EXERCISE BRIEF :: Which lines of the entries below run from the one holding "- HARNESS COMFORTABLE" to the one holding "Bardzo fajne i", inclusive? Set down exactly those lines and no others.

DATA RECORDS ::
- - -
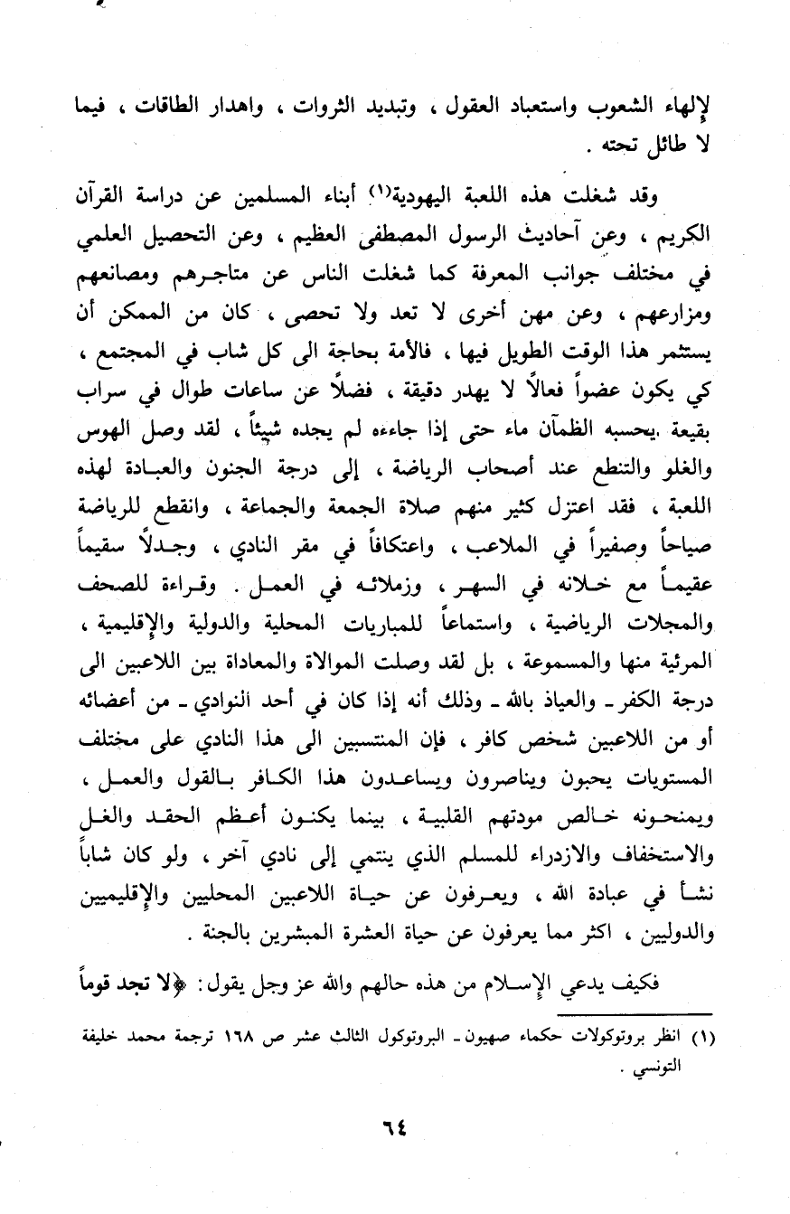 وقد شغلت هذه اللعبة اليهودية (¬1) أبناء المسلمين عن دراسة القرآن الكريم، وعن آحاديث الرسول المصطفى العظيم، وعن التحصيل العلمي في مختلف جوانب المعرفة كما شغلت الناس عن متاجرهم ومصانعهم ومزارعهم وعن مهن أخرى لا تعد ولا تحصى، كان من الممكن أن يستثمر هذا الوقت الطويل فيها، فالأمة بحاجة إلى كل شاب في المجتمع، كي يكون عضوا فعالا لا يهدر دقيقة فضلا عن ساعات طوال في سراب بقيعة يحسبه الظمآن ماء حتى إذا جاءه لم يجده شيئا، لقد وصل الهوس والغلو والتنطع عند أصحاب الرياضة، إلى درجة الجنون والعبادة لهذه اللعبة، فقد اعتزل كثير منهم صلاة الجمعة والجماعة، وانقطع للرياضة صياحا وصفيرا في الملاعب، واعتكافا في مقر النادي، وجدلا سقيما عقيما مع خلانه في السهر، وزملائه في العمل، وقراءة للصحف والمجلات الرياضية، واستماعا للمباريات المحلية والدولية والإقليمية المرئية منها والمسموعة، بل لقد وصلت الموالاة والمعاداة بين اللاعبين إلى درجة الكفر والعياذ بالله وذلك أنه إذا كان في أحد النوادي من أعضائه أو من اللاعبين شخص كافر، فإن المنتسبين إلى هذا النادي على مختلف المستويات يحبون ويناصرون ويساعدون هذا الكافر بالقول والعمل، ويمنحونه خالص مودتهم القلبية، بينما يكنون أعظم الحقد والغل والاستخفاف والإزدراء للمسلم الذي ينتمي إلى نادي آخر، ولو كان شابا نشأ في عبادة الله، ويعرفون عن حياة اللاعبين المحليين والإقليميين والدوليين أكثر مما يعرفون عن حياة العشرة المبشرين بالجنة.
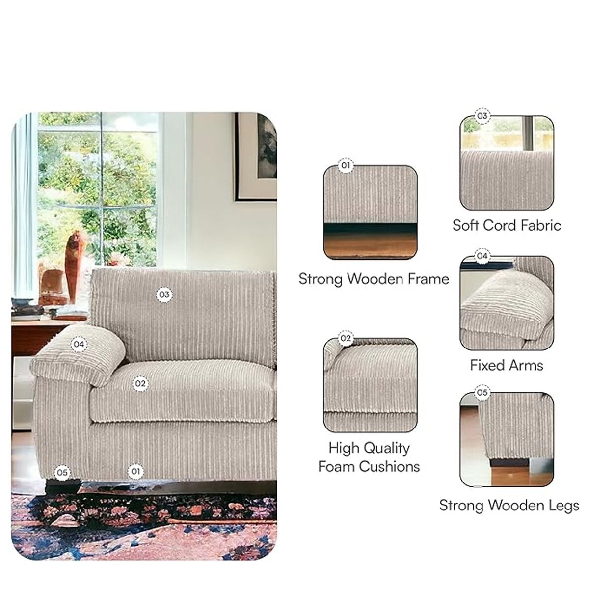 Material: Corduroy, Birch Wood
- - -
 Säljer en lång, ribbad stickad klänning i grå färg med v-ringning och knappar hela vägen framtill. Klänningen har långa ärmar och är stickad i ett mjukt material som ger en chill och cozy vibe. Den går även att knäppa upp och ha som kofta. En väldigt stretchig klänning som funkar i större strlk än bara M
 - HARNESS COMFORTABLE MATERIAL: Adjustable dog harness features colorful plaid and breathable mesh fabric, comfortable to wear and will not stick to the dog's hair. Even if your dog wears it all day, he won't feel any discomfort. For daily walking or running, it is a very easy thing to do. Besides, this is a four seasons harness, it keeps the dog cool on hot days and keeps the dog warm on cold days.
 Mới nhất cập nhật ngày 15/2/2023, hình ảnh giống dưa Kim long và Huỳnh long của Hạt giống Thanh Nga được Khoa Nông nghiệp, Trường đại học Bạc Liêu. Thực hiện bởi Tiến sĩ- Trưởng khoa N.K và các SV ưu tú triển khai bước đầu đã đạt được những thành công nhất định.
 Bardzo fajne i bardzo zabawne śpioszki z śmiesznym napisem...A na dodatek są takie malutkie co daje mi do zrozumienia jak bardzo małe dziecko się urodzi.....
- - -
ANSWER BOX ::
 - HARNESS COMFORTABLE MATERIAL: Adjustable dog harness features colorful plaid and breathable mesh fabric, comfortable to wear and will not stick to the dog's hair. Even if your dog wears it all day, he won't feel any discomfort. For daily walking or running, it is a very easy thing to do. Besides, this is a four seasons harness, it keeps the dog cool on hot days and keeps the dog warm on cold days.
 Mới nhất cập nhật ngày 15/2/2023, hình ảnh giống dưa Kim long và Huỳnh long của Hạt giống Thanh Nga được Khoa Nông nghiệp, Trường đại học Bạc Liêu. Thực hiện bởi Tiến sĩ- Trưởng khoa N.K và các SV ưu tú triển khai bước đầu đã đạt được những thành công nhất định.
 Bardzo fajne i bardzo zabawne śpioszki z śmiesznym napisem...A na dodatek są takie malutkie co daje mi do zrozumienia jak bardzo małe dziecko się urodzi.....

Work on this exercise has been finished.